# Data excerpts
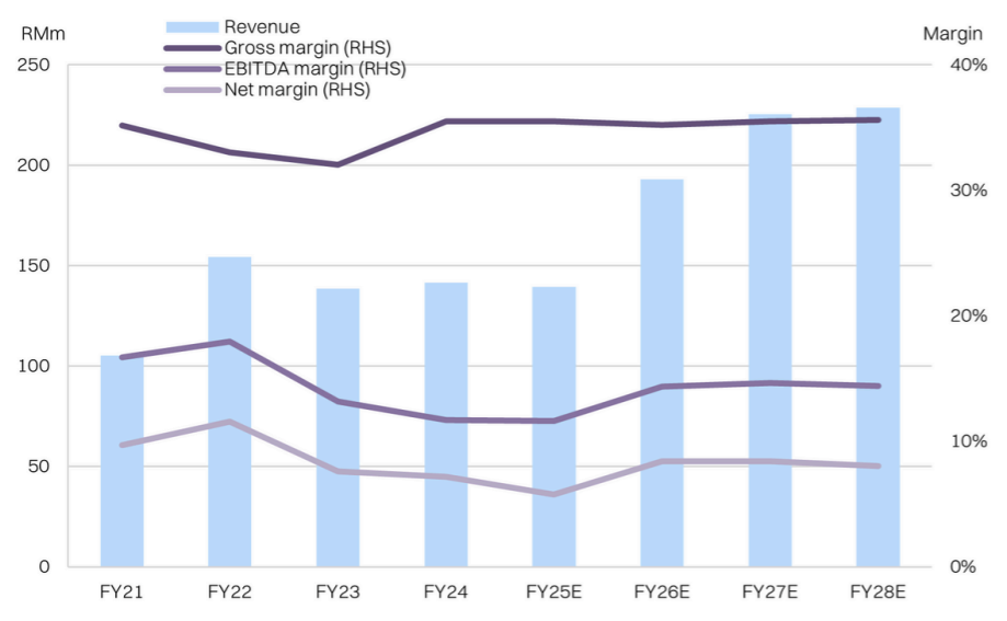 estimate that marginal sales above the current RM140m run rate should translate to a high-teens net margin (on incremental sales) compared with the current rate of ~6-7%. In turn, we forecast FY26E revenue growth of +31% YoY but a PATAMI growth of +89% YoY.
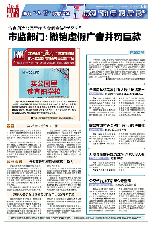 近年来,尽管学区房价格不菲,但是为了下一代的教育,父母们还是趋之若鹜。宜春润达公园里楼盘正是抓住购房者这一心理,在卖房广告上虚假宣传“学区房”以促进销售,购房者前往学校咨询,得知不可在那儿上学,才发现受骗了。宜春市市场监督管理局介入后,针对开发商的违法行为已立案处理,责令开发商撤销虚假广告,同时处以罚款。
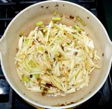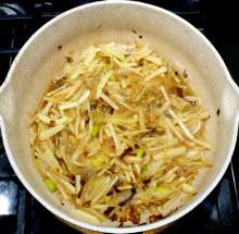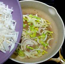 Когда лук станет мягким - добавить белые корнья.
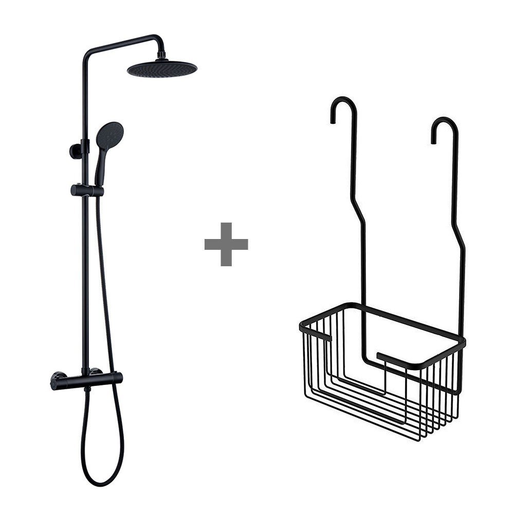- - Columna de ducha termostática redonda completa - Cesta portageles de ducha
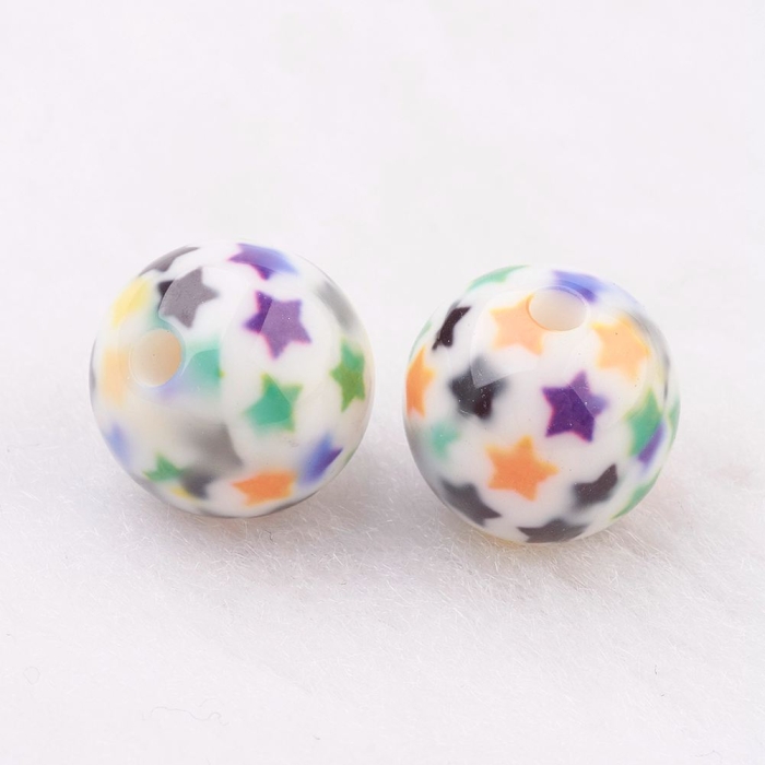 Бусины Смола, Круглые, Окрашенные со Звездным Рисунком, Цвет: Разноцветный, 10мм, Отверстие 2мм, 10шт/упаковка, (УТ100029525)
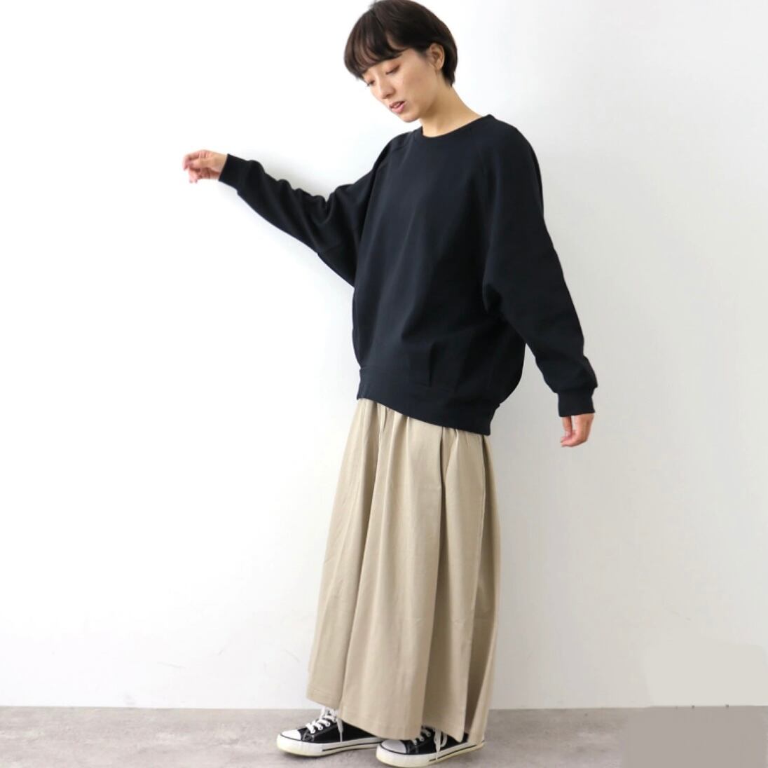 セーター ジャージ 裾Wタック ドルマン プルオーバー
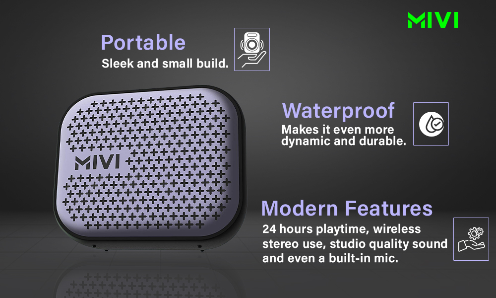 - 24 hours play time the only portable 5w speaker which gives you not 4 or 5 but a whopping 24hrs playtime at 70 percent volume. Now, there is nothing else that can top that
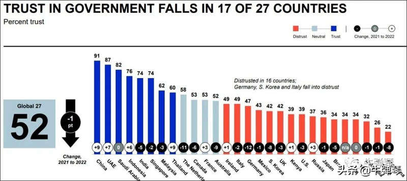 我們再看一下美國,2021年信任度是48%,2022年是43%,又跌了5個百分點。按照報告的說法,自2017年,美國人對國家的信任度跌了整整10個百分點。
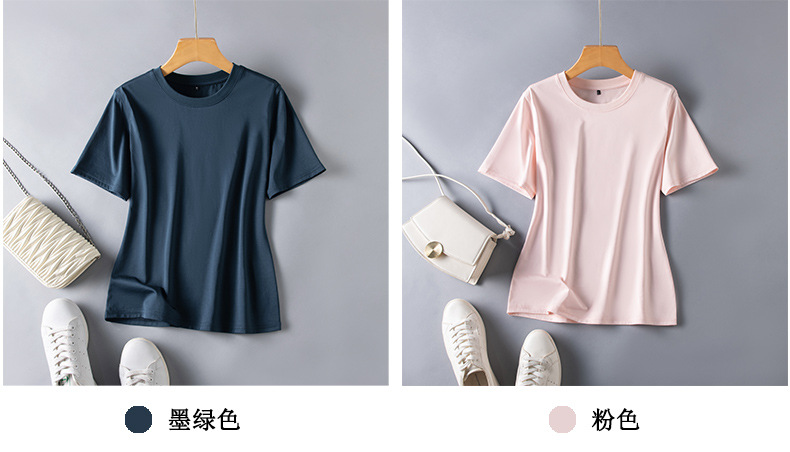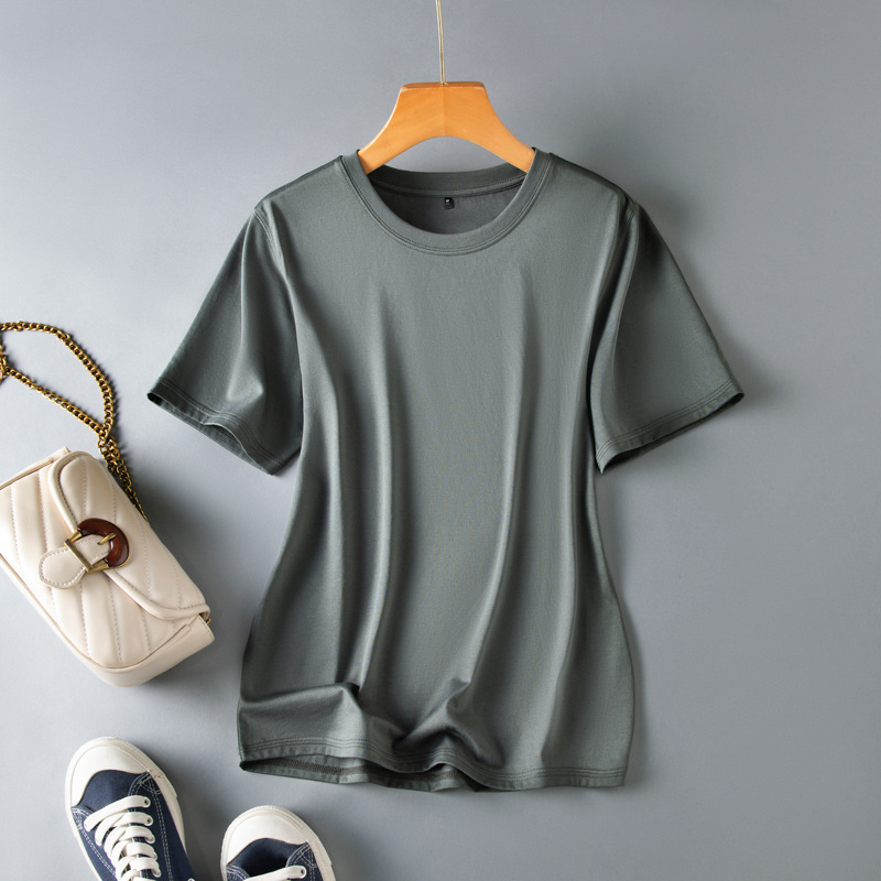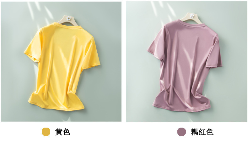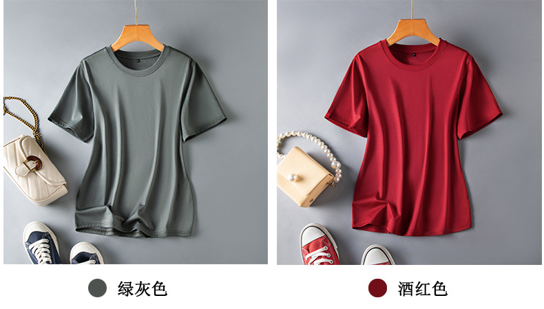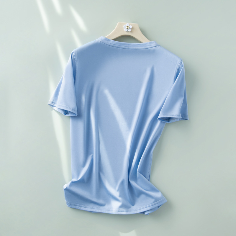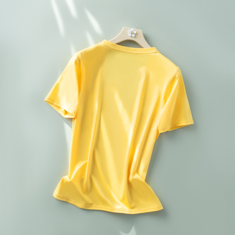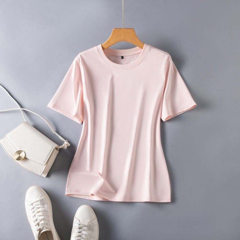 반팔 티셔츠 여성용 뽕나무 실크 라운드 넥 베이스 셔츠 2023 여름 옷 화이트 모든 매치 짧은 반팔 아이스 탑

# Exercise requirements
Repeat each line of the records above exactly, but do not copy the pictures.

# Output
 estimate that marginal sales above the current RM140m run rate should translate to a high-teens net margin (on incremental sales) compared with the current rate of ~6-7%. In turn, we forecast FY26E revenue growth of +31% YoY but a PATAMI growth of +89% YoY.
 近年来,尽管学区房价格不菲,但是为了下一代的教育,父母们还是趋之若鹜。宜春润达公园里楼盘正是抓住购房者这一心理,在卖房广告上虚假宣传“学区房”以促进销售,购房者前往学校咨询,得知不可在那儿上学,才发现受骗了。宜春市市场监督管理局介入后,针对开发商的违法行为已立案处理,责令开发商撤销虚假广告,同时处以罚款。
 Когда лук станет мягким - добавить белые корнья.
- - Columna de ducha termostática redonda completa - Cesta portageles de ducha
 Бусины Смола, Круглые, Окрашенные со Звездным Рисунком, Цвет: Разноцветный, 10мм, Отверстие 2мм, 10шт/упаковка, (УТ100029525)
 セーター ジャージ 裾Wタック ドルマン プルオーバー
 - 24 hours play time the only portable 5w speaker which gives you not 4 or 5 but a whopping 24hrs playtime at 70 percent volume. Now, there is nothing else that can top that
 我們再看一下美國,2021年信任度是48%,2022年是43%,又跌了5個百分點。按照報告的說法,自2017年,美國人對國家的信任度跌了整整10個百分點。
 반팔 티셔츠 여성용 뽕나무 실크 라운드 넥 베이스 셔츠 2023 여름 옷 화이트 모든 매치 짧은 반팔 아이스 탑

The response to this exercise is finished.